For the selected cut-offs in the IHC discovery cohort, smoking status was significantly associated with Ki67 expression levels, with low expression often observed in never smokers and high expression in current smokers (Fisher’s exact test, P = 0.007). For MCM4 and TYMS, no associations with smoking were found. Furthermore, expression of Ki67 was associated with AC growth pattern, as samples with a high expression were more frequently found in the group with mucinous or predominant micropapillary/solid pattern (Fisher’s test, P = 0.03). For MCM4 and TYMS, no associations with growth patterns were found. For age, gender, stage, and number of cases receiving adjuvant treatment, no associations between these parameters and patients with a high or low expression of Ki67, MCM4 or TYMS, respectively, were found.
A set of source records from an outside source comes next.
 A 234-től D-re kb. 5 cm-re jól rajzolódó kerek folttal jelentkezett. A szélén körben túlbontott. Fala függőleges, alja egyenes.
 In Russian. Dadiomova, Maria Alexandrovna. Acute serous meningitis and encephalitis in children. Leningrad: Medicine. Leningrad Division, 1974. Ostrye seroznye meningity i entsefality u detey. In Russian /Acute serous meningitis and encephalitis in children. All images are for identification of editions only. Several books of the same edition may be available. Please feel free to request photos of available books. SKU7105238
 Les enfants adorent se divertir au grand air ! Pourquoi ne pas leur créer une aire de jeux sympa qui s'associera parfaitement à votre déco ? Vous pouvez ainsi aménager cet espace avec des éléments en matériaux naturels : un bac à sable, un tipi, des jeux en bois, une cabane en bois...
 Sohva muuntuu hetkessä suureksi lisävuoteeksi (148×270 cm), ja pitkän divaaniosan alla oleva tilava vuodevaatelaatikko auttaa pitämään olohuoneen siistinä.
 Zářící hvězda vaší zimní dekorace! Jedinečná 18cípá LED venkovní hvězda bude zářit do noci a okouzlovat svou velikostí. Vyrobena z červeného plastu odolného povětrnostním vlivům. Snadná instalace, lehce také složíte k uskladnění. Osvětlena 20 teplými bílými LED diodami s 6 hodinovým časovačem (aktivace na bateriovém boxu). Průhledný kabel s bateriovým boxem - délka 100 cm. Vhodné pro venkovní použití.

Protein expression of Ki67, MCM4 and TYMS in the IHC validation cohort

In the IHC validation cohort, the protein expression of Ki67, MCM4, and TYMS could be assessed in 159, 178, and 146 AC cases, respectively. By applying the identified cut-offs from the IHC discovery cohort for respective gene, high expression was found in 91 cases (57%) for Ki67, in 17 cases (10%) for MCM4, in and 17 cases (12%) for TYMS. High expression of Ki67, MCM4, and TYMS was associated with male gender (Fisher’s test, P < 0.05 in all three tests) and high expression of Ki67 was associated with more advanced stages (stage III) (Fisher’s test, P = 0.007). Furthermore, the expression of Ki67 and MCM4 was associated with growth pattern, as proportionally more cases with a high expression were found in the group with mucinous or predominant micropapillary/solid pattern compared to cases with a low expression, where proportionally more cases were minimally invasive/lepidic or acinary/papillary (Fisher’s test, P < 0.05). The expression of Ki67 was associated with smoking as there were proportionally more never smokers among cases with a low expression compared to cases with a high expression (Fisher’s test, P < 0.001). Apart from these findings, no other associations between age, gender, stage, smoking status, growth pattern, WHO performance status, and number of cases receiving adjuvant treatment and patients with a high or low expression of Ki67, MCM4 or TYMS, respectively, were found.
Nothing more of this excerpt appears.